CHAPITRE II - La protection judiciaire du majeur

Le projet de loi distingue les nouvelles mesures d'accompagnement social personnalisé (MASP) et la protection judiciaire, qui inclut les nouvelles mesures d'accompagnement judiciaire (MAJ), qui remplacent l'actuelle tutelle aux prestations sociales aux adultes (TPSA).

Le présent chapitre vise à réorganiser le système de protection judiciaire des personnes majeures en grandes difficultés sociales, afin en améliorer la cohérence et la transparence.

Section 1 - Dispositions communes

La protection judiciaire des majeurs est souvent déléguée à des membres de la famille ou des proches de la personne concernée. Lorsque ce n'est pas le cas, elle est confiée :

- soit à des services médico-sociaux ou à des services relevant d'associations ou d'organismes de sécurité sociale ;

- soit à des gérants de tutelle privée exerçant à titre individuel ;

- soit à des personnes exerçant dans un cadre institutionnel, au sein d'établissements pour personnes handicapées ou âgées (préposées à ces établissements).

La présente section tend à harmoniser les obligations et les règles de fonctionnement qui s'appliquent à ces trois catégories d'intervenants, en établissant des dispositions communes à l'exercice de leur activité professionnelle.

Article 9 (art. L. 461-1 à L. 461-8 [nouveaux] du code de l'action sociale et des familles) - Régime juridique de l'activité des mandataires judiciaires à la protection des majeurs

Objet : Cet article insère huit nouveaux articles dans le code de l'action sociale et des familles visant à créer des dispositions communes régissant l'activité des mandataires judiciaires à la protection des majeurs.

I - Le texte proposé

Dans le droit actuel, les personnes habilitées à exercer une protection judiciaire sur une personne majeure sont mentionnées par l'article 499 du code civil pour les tutelles et par l'article 509-1 pour les curatelles. Dans les deux cas, ces personnes sont désignées par le juge des tutelles et peuvent être extérieures à la famille.
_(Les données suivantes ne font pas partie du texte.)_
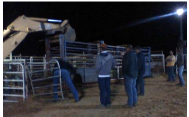
Thursday's work day was a huge success!

All members are encouraged to participate in the work day!
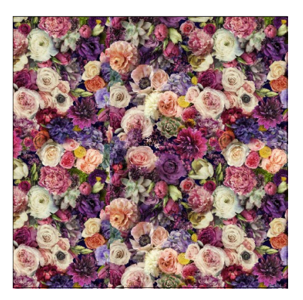
Peony 4371 333
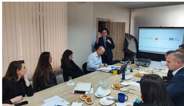
Workshop on project management methodology, 28 January 2025, Chisinau

Between January and March, DCAF ran a series of activities to encourage the development of standard operating procedures on project management in the MIA . On 28 January, DCAF held a workshop for individuals from the MIA that became certified in the project management methodology of the European Commission, PM 2 , as part of the project in 2024. This workshop offered a platform to discuss the next steps for this certified group of individuals. A series of meetings with the same group were held throughout the period, in which DCAF continued the discussion on the development of a standard guide on project management and project management standard operating procedures for the MIA and its subordinate institutions. In March, the MIA held a workshop on the potential for developing standard operating procedures on project management with DCAF's support for all relevant stakeholders. Activities linked to the institutionalisation of project management capacities will continue in the next period.
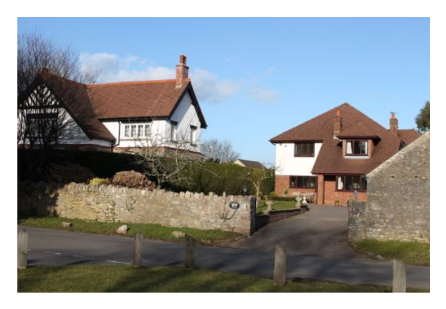
VP6: From the vicinity of the War Memorial, a glimpse through between existing houses on Well Lane towards the western boundary of the proposed development reveals only the roof top of Ger y Llan houses, so the development will not be seen from here
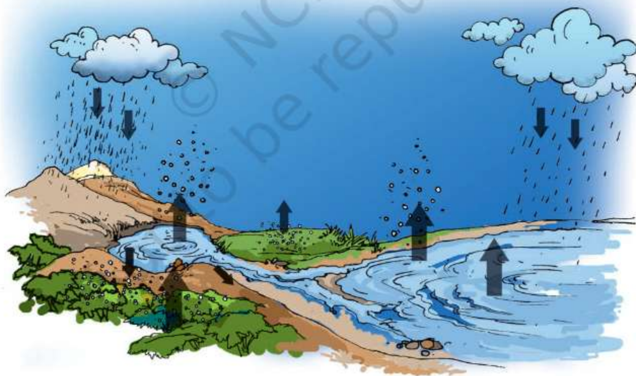
Fig. 14.9 Water cycle

However, excess of rainfall may lead to many problems (Fig. 14.10). Heavy
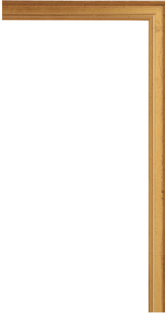
Thin Antique Gold
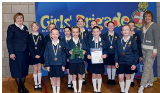
3 rd 29th NI Cregagh Congregational
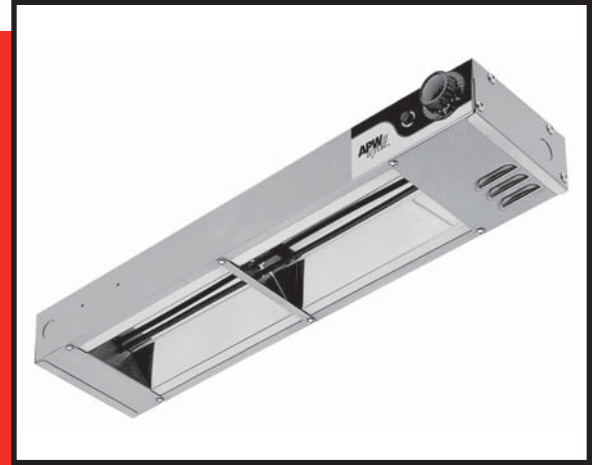
FD SERIES OVERHEAD WARMERS
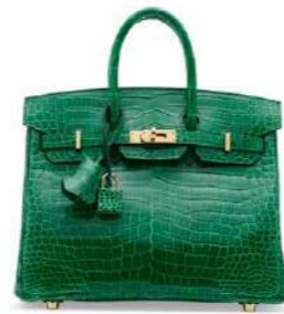
~#3907 A SHINY CACTUS POROSUS CROCODILE BIRKIN 25 WITH GOLD HARDWARE

GRADE: 1 HK$400,000-500,000 US$52,000-64,000
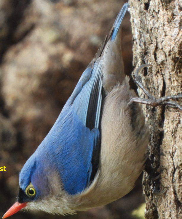
Velvet-fronted Nuthatch, Photo: Shambhu Bhattarai

Dans le cas des tutelles , il peut s'agir d'un « préposé appartenant au personnel administratif de l'établissement de traitement [ou] d'un administrateur spécial, choisis dans les conditions fixées par un décret en Conseil d'Etat ». Le décret n° 69-195 du 15 février 1969, modifié par le décret n° 72-284 du 11 avril 1972, précise que le juge des tutelles peut désigner comme gérant de tutelle :

- les personnes qualifiées figurant sur une liste établie, chaque année, par le procureur de la République ;

- les associations reconnues d'utilité publique, les associations déclarées et les fondations ayant une vocation sociale et figurant sur une liste établie, chaque année, par le procureur de la République ;

- les personnes physiques ou morales agréées comme tuteurs aux prestations sociales ;

- les personnes préposées, désignées par les établissements d'hospitalisation, de soins ou de cure, publics ou privés.

Pour les curatelles , il s'agit en priorité du conjoint ou, à défaut, de toute autre personne nommée par le juge des tutelles.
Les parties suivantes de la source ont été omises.